Input material: Begin

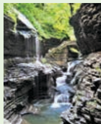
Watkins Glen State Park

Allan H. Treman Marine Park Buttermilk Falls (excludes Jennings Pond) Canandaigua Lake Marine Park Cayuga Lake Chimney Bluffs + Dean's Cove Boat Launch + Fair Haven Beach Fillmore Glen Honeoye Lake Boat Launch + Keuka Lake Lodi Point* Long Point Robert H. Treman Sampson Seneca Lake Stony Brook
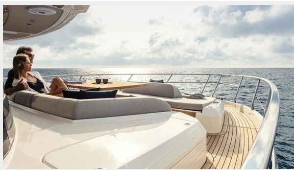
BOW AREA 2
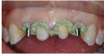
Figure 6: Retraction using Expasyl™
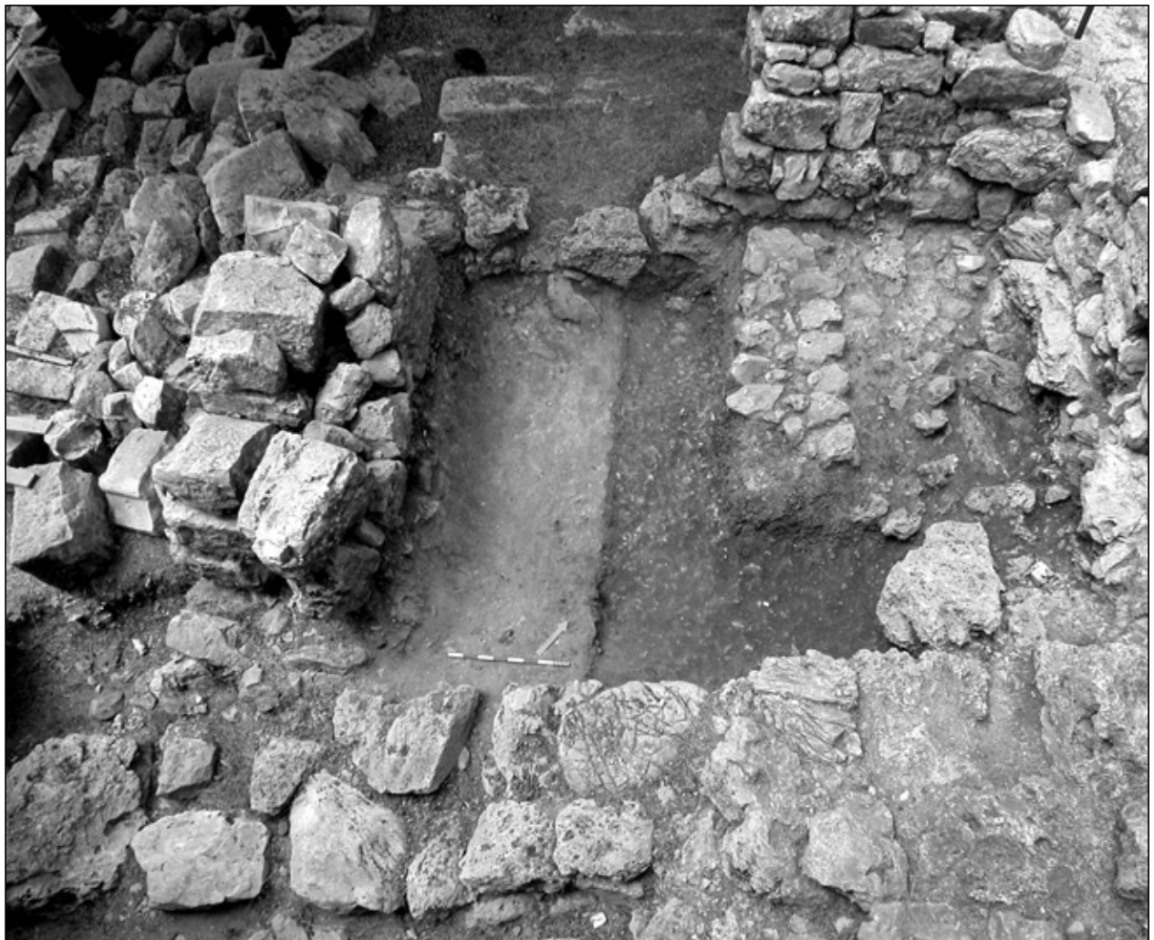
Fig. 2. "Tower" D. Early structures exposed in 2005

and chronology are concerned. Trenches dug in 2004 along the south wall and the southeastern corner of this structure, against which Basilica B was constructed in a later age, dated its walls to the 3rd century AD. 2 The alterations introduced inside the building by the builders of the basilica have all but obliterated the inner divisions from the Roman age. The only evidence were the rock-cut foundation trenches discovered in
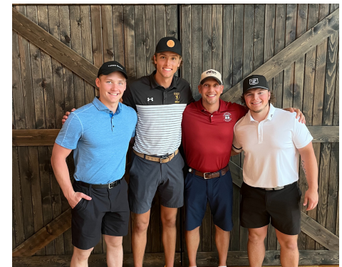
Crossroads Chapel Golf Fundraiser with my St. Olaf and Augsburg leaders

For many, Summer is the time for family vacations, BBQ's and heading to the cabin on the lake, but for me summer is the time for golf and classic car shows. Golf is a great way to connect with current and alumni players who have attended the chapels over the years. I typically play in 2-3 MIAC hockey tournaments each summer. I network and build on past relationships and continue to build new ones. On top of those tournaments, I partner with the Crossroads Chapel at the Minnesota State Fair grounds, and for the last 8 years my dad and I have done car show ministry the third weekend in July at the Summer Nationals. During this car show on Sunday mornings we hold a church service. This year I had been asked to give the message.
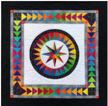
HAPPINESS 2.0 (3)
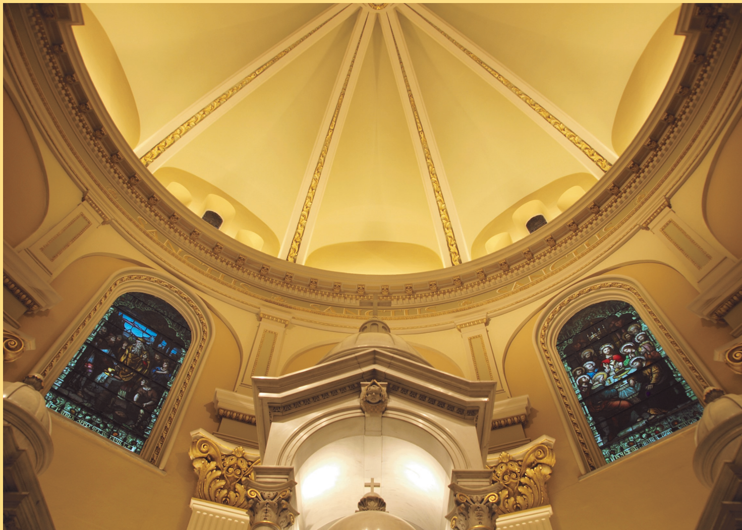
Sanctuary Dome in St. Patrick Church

Input material: End

• Task prompt:
All that should be printed is the run of lines above from the one with "Figure 6: Retraction using Expasyl™" through the one with "Crossroads Chapel Golf", both included, exactly as given, with pictures left out.

• Exercise output:
Figure 6: Retraction using Expasyl™
Fig. 2. "Tower" D. Early structures exposed in 2005

and chronology are concerned. Trenches dug in 2004 along the south wall and the southeastern corner of this structure, against which Basilica B was constructed in a later age, dated its walls to the 3rd century AD. 2 The alterations introduced inside the building by the builders of the basilica have all but obliterated the inner divisions from the Roman age. The only evidence were the rock-cut foundation trenches discovered in
Crossroads Chapel Golf Fundraiser with my St. Olaf and Augsburg leaders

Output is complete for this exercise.